───── MATERIAL FOR THE TASK ─────

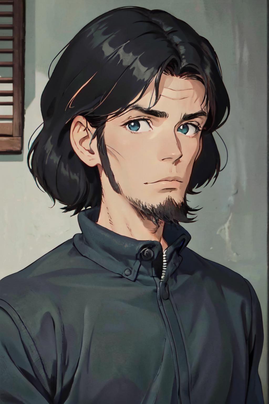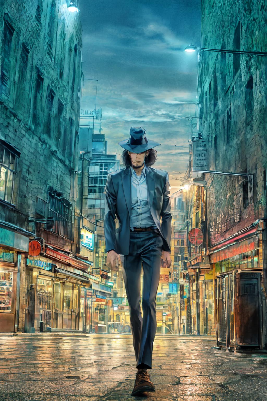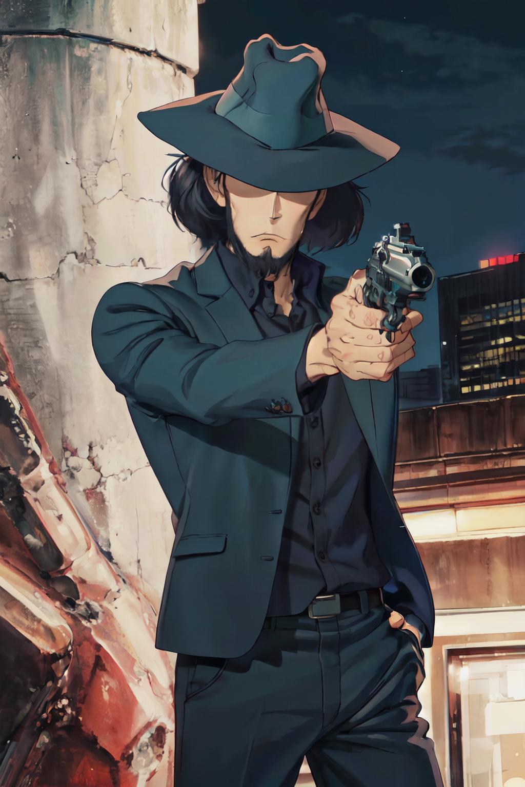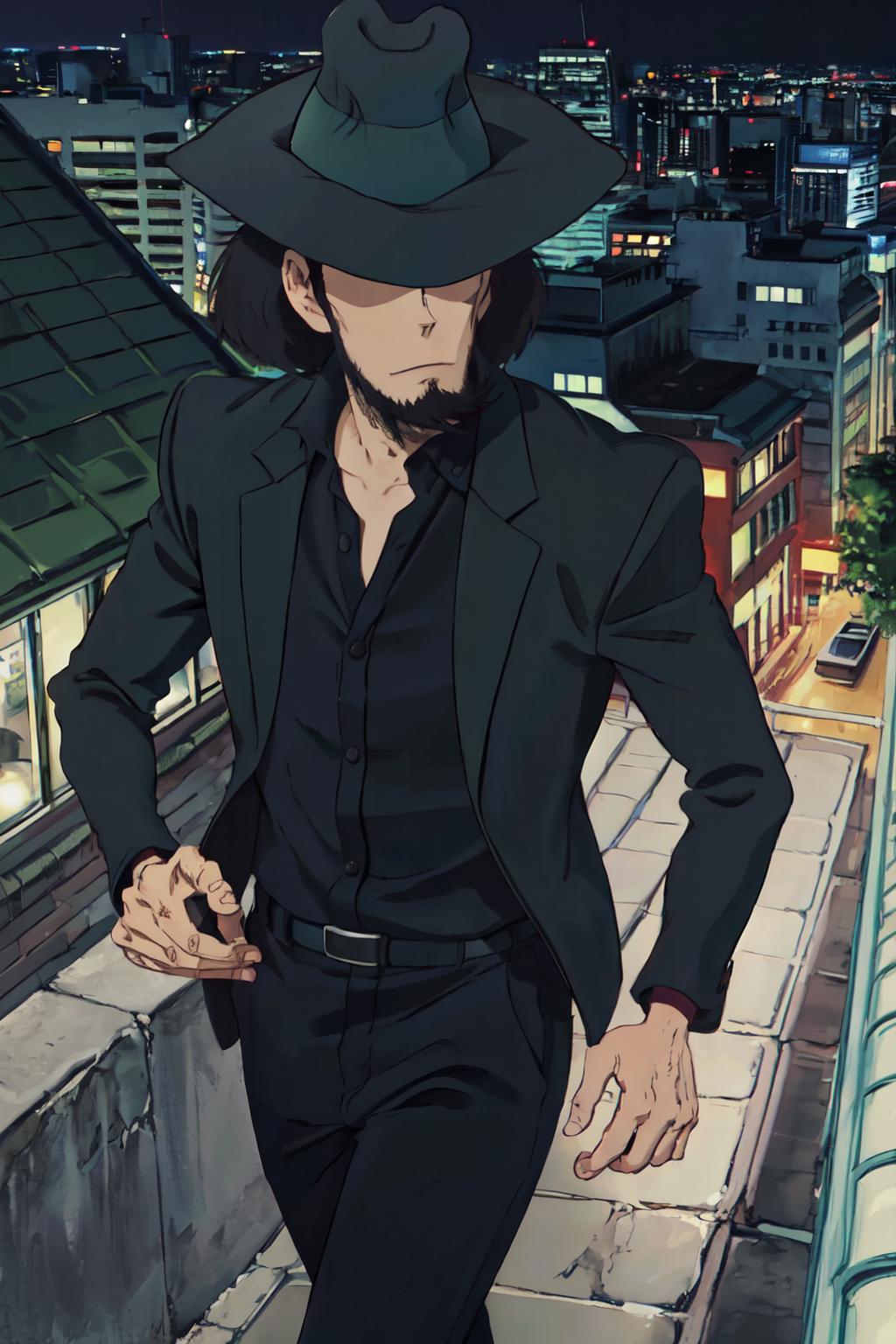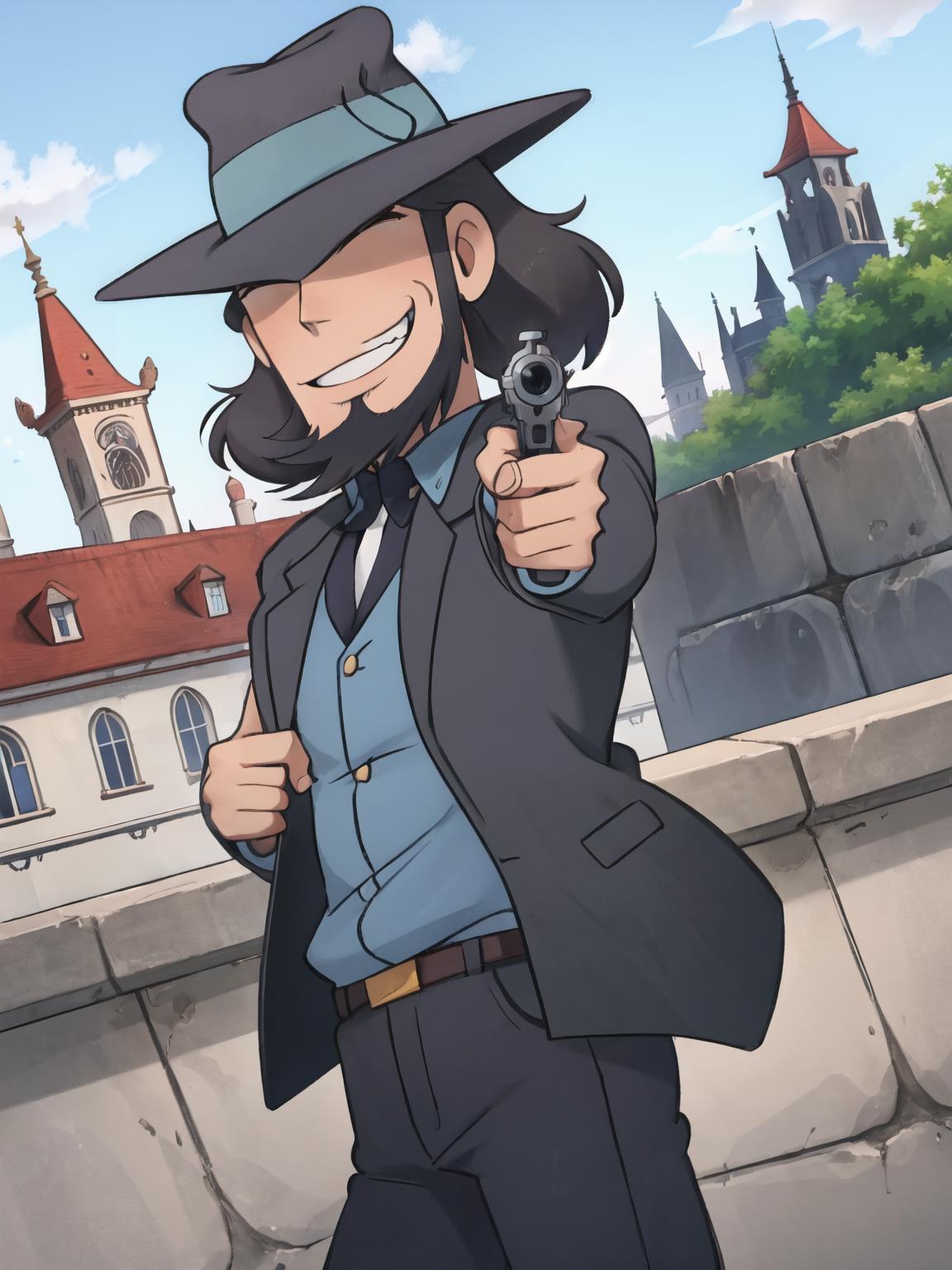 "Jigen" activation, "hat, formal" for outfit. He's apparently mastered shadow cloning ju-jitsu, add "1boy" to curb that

─────
───── MATERIAL FOR THE TASK ─────

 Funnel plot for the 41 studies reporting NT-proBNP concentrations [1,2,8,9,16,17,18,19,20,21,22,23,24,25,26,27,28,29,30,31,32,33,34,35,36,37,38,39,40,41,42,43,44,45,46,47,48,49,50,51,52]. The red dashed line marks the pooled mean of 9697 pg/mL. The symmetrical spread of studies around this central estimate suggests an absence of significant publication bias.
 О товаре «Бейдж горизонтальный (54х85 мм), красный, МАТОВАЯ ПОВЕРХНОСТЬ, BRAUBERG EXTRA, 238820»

─────
───── MATERIAL FOR THE TASK ─────

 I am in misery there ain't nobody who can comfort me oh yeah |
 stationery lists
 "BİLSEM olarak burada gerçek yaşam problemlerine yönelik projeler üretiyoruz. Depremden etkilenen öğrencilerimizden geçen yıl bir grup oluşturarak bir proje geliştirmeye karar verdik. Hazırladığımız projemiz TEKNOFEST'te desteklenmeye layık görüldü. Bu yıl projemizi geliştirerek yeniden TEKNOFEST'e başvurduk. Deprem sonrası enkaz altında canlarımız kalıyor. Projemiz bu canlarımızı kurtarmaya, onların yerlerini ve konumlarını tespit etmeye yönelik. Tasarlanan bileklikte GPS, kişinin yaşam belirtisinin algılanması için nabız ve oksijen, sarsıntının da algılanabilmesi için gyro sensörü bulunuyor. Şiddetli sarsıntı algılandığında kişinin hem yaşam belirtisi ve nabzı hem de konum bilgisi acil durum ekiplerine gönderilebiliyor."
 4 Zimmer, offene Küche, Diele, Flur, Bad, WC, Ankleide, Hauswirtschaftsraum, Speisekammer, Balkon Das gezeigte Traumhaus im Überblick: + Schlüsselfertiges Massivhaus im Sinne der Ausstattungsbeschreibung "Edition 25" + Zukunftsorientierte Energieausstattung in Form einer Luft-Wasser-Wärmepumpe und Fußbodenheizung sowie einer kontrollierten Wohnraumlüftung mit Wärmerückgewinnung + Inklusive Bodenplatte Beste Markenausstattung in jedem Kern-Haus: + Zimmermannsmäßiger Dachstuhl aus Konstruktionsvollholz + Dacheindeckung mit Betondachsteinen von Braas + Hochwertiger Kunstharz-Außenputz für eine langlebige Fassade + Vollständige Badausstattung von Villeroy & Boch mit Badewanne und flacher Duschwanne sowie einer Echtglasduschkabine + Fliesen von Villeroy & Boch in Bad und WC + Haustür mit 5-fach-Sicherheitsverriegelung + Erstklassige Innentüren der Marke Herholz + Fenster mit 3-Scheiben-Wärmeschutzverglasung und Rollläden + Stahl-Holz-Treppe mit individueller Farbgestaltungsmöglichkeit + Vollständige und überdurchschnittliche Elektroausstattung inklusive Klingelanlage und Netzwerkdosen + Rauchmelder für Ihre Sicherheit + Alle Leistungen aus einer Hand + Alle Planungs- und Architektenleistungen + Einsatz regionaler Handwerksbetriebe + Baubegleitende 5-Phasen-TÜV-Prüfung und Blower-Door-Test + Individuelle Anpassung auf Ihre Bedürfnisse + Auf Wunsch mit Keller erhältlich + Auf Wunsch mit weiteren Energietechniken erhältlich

─────

### WHAT THE TASK ASKS:
Retype only this portion of the data above: the line containing "I am in misery", the line containing "stationery lists", and all lines between them, exactly.

### SOLUTION TO THIS PROBLEM:
 I am in misery there ain't nobody who can comfort me oh yeah |
 stationery lists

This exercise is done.